→ **Your task**
Write out the full set of records exactly. Any pictures in them do not belong in the copy.

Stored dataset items
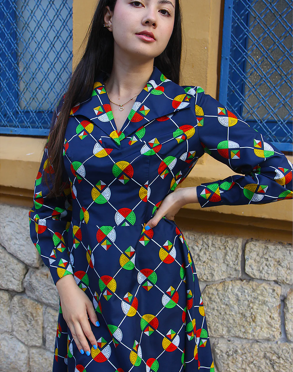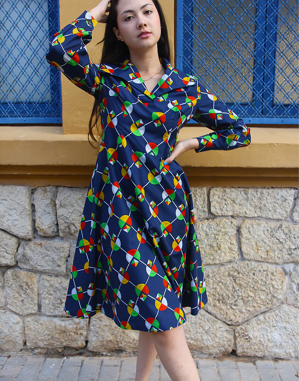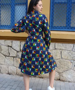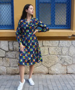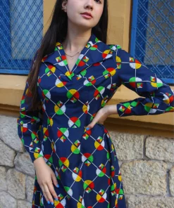 Measurements: 38″/ 97cm bust – 30″ / 76cm waist – 48″ / 122cm hips – 24″ / 61cm sleeve length – 43″ / 109cm dress length.
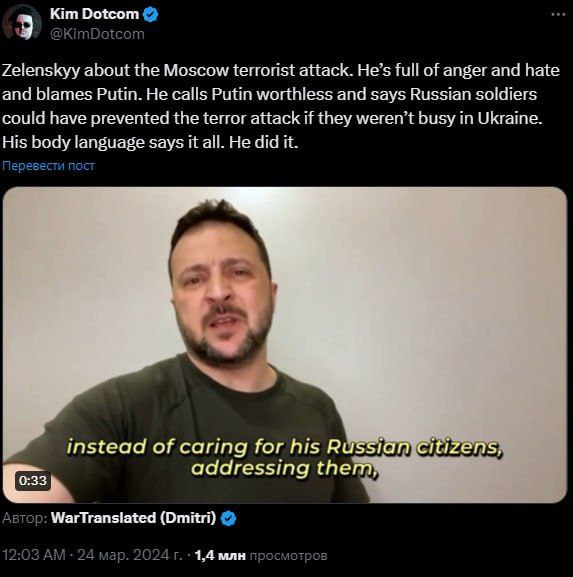 «Зеленский о теракте в Москве. Он полон гнева и ненависти и винит Путина. Он называет Путина никчёмным и говорит, что российские солдаты могли бы предотвратить теракт, если бы они не были заняты на Украине. Язык его тела говорит сам за себя. Он сделал это».
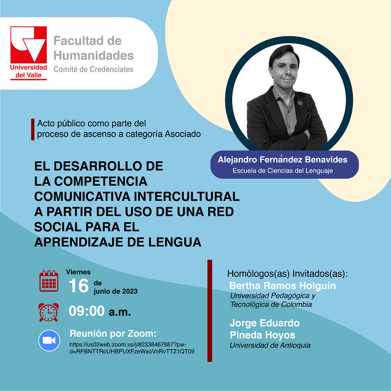 El Comité de Credenciales de la Facultad de Humanidades de la Universidad del Valle invita al acto público como parte del proceso de ascenso a Categoría Asociado del profesor Alejandro Fernández Benavides de la Escuela de Ciencias del Lenguaje. El tema a disertar es "Desarrollo de la competencia comunicativa intercultural a partir del uso de una red social para el aprendizaje de lengua". Los homólogos (as) invitados (as) son la profesora Bertha Ramos Holguín de la Universidad Pedagógica y Tecnológica de Colombia (Tunja) y el profesor Jorge Eduardo Pineda Hoyos de la Universidad de Antioquia (Medellín).
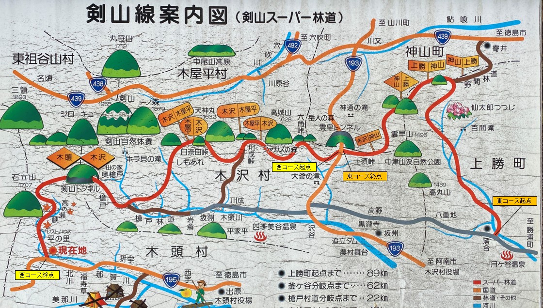 | 2)国道195号、193号を北上して徳島県那賀郡那賀町へ。剣山スーパー林道西コース起点に到着。 撮影地 |
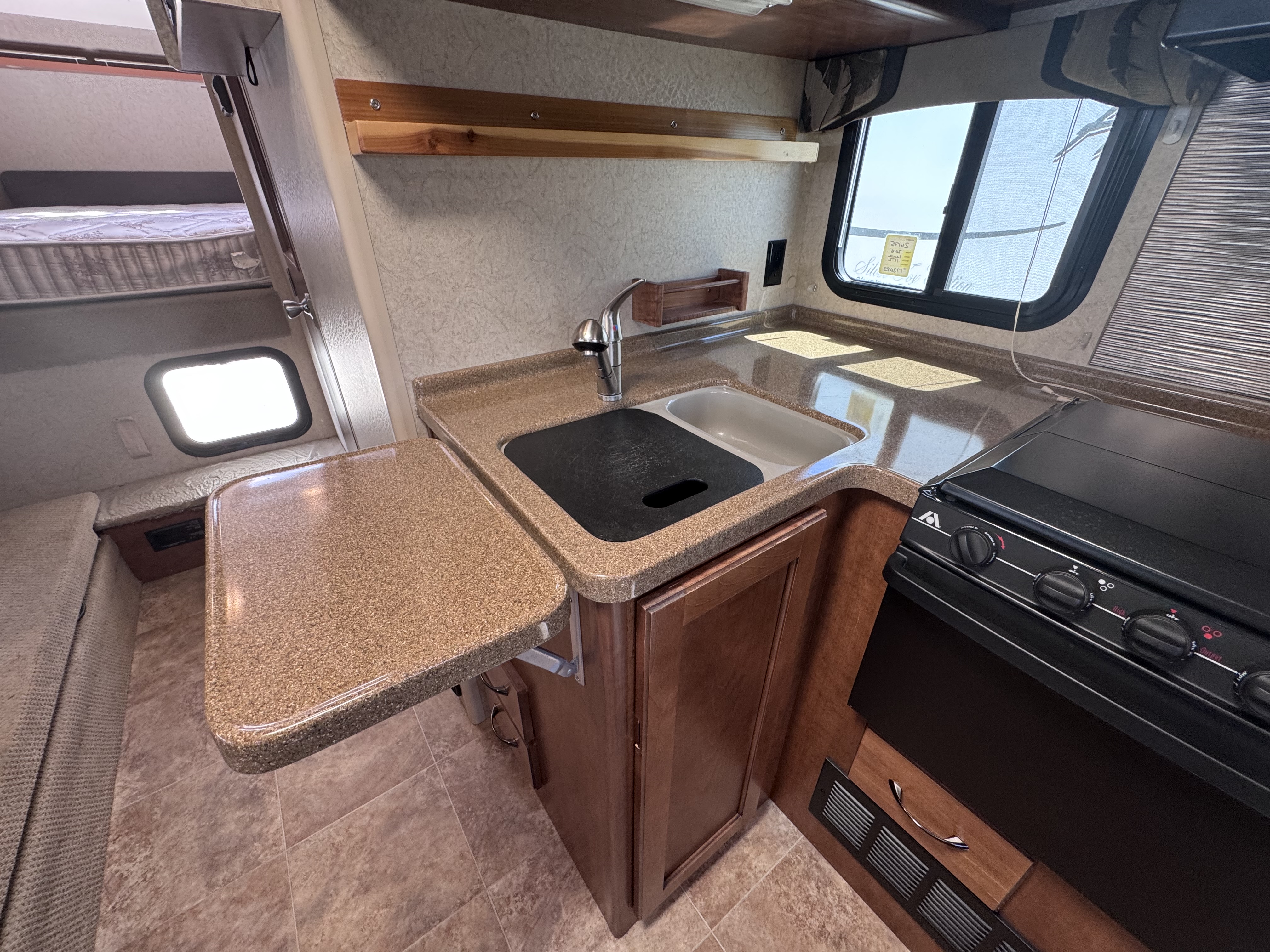 The big news comes as the rear wall slides out with a sofa incliner for your relaxation. With both slides open the space is cavernous. The 1172 is the definition of the ultimate flagship truck camper. Your wait is over.
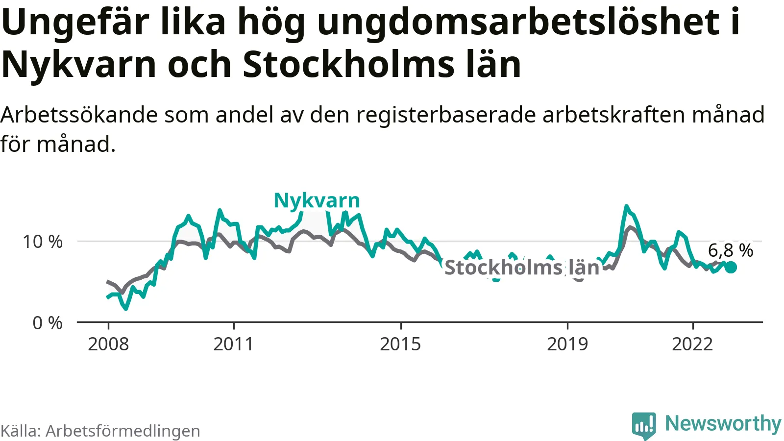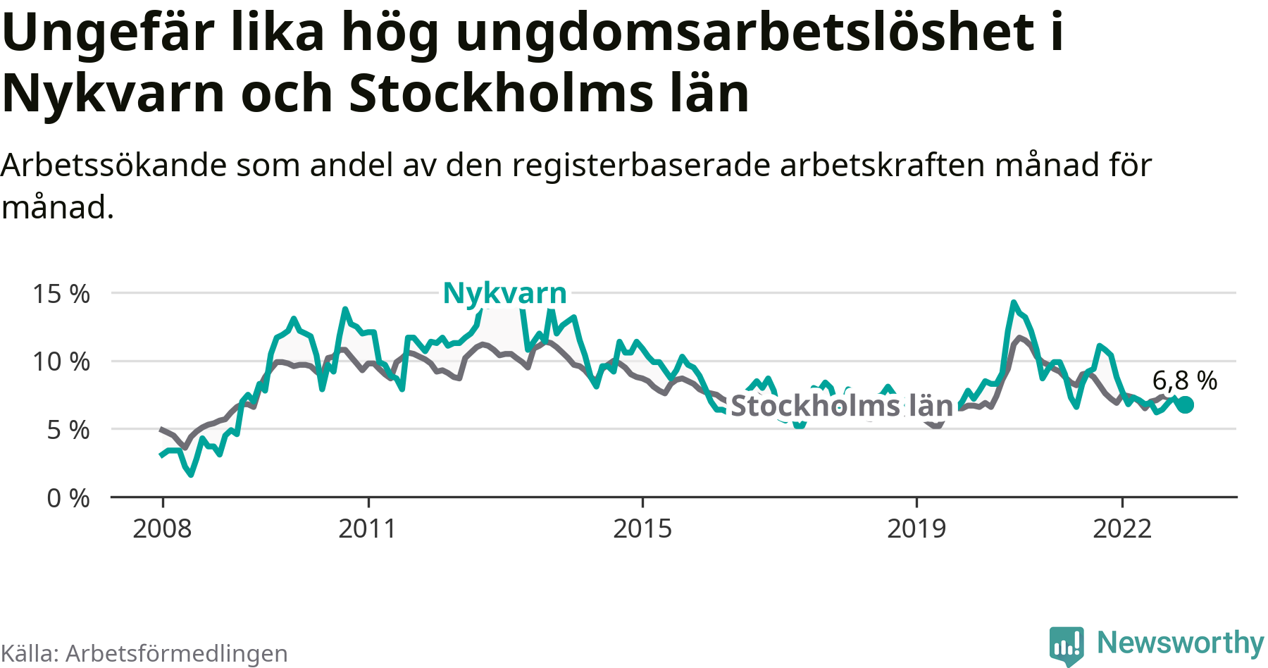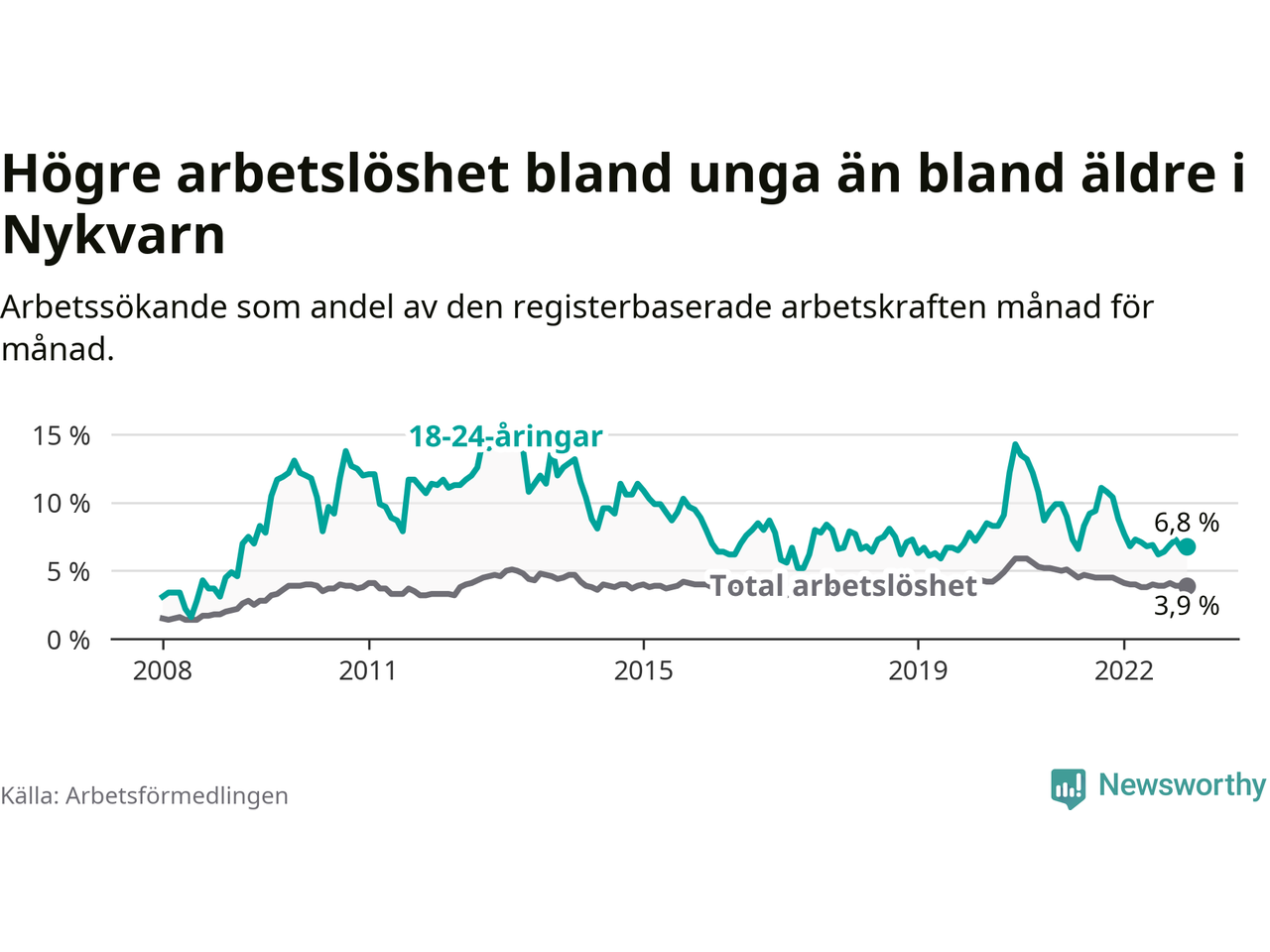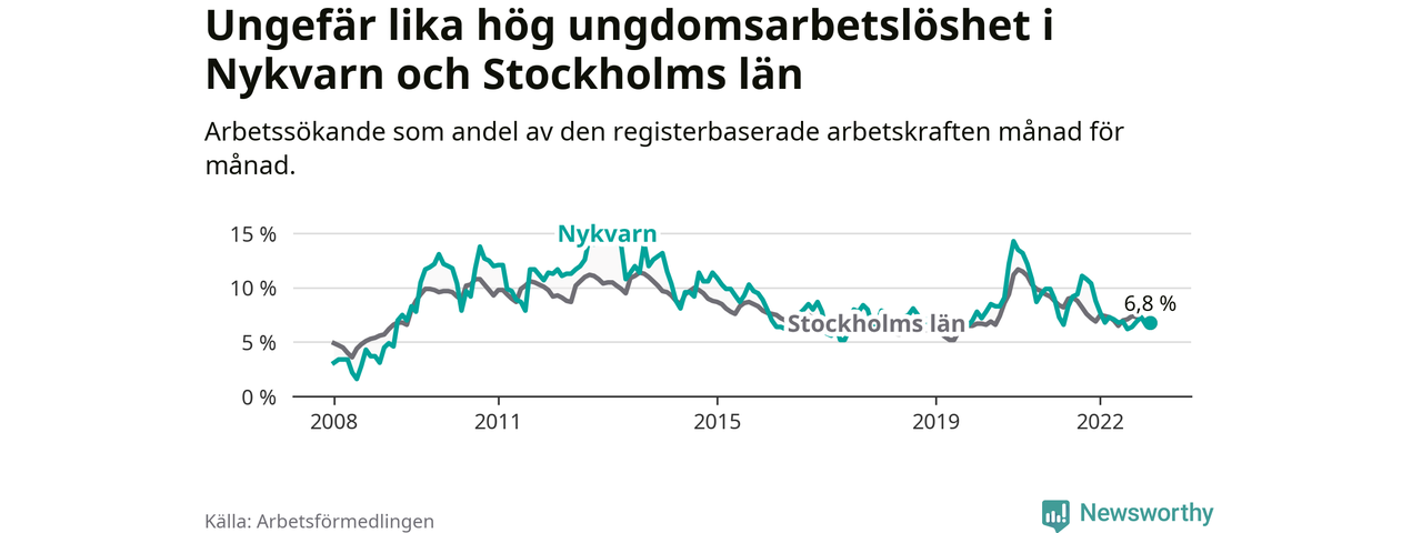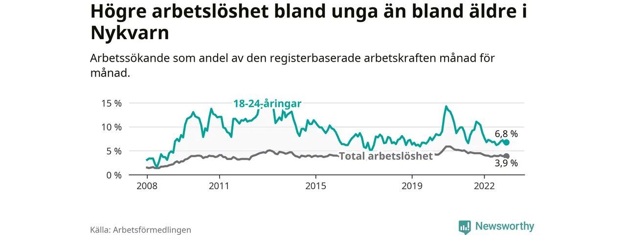 Medan Nykvarn har lägre total arbetslöshet än Stockholms län, ligger ungdomsarbetslösheten på i stort sett samma nivå.
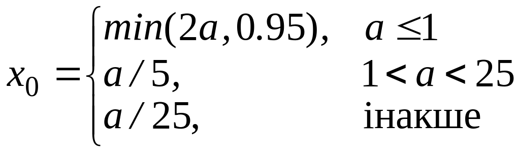 Дані додатні дійсні числа a, x, ε. У послідовності y1, y2, …, що утворена по закону
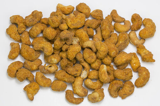 Fried cashews with a spicy coating with BBQ taste (74% cashew)
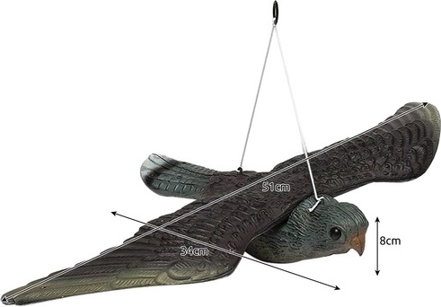 - Realistyczny wygląd – dokładny kształt i szczegóły jastrzębia zapewniają skuteczność przy odstraszaniu.
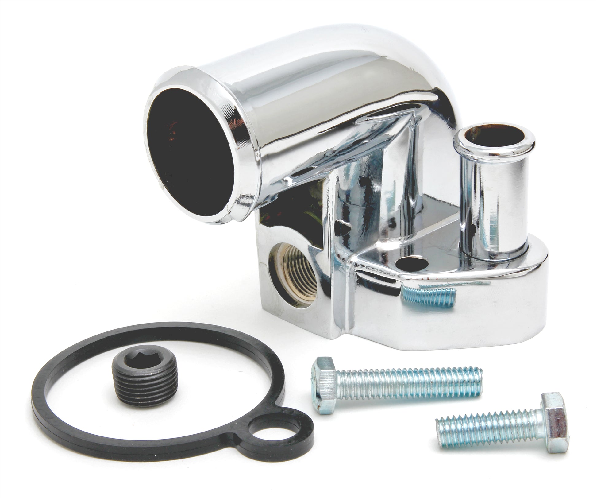- Package Contents: CHROME water neck (thermostat housing), gasket, mounting bolts
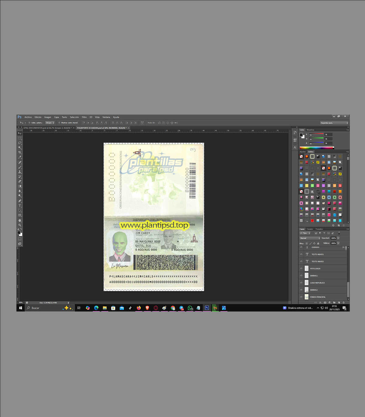 Pasaporte de Ecuador – Plantilla Digital Editable en Photoshop

→ **Answer space**
 Measurements: 38″/ 97cm bust – 30″ / 76cm waist – 48″ / 122cm hips – 24″ / 61cm sleeve length – 43″ / 109cm dress length.
 «Зеленский о теракте в Москве. Он полон гнева и ненависти и винит Путина. Он называет Путина никчёмным и говорит, что российские солдаты могли бы предотвратить теракт, если бы они не были заняты на Украине. Язык его тела говорит сам за себя. Он сделал это».
 El Comité de Credenciales de la Facultad de Humanidades de la Universidad del Valle invita al acto público como parte del proceso de ascenso a Categoría Asociado del profesor Alejandro Fernández Benavides de la Escuela de Ciencias del Lenguaje. El tema a disertar es "Desarrollo de la competencia comunicativa intercultural a partir del uso de una red social para el aprendizaje de lengua". Los homólogos (as) invitados (as) son la profesora Bertha Ramos Holguín de la Universidad Pedagógica y Tecnológica de Colombia (Tunja) y el profesor Jorge Eduardo Pineda Hoyos de la Universidad de Antioquia (Medellín).
 | 2)国道195号、193号を北上して徳島県那賀郡那賀町へ。剣山スーパー林道西コース起点に到着。 撮影地 |
 The big news comes as the rear wall slides out with a sofa incliner for your relaxation. With both slides open the space is cavernous. The 1172 is the definition of the ultimate flagship truck camper. Your wait is over.
 Medan Nykvarn har lägre total arbetslöshet än Stockholms län, ligger ungdomsarbetslösheten på i stort sett samma nivå.
 Дані додатні дійсні числа a, x, ε. У послідовності y1, y2, …, що утворена по закону
 Fried cashews with a spicy coating with BBQ taste (74% cashew)
 - Realistyczny wygląd – dokładny kształt i szczegóły jastrzębia zapewniają skuteczność przy odstraszaniu.
- Package Contents: CHROME water neck (thermostat housing), gasket, mounting bolts
 Pasaporte de Ecuador – Plantilla Digital Editable en Photoshop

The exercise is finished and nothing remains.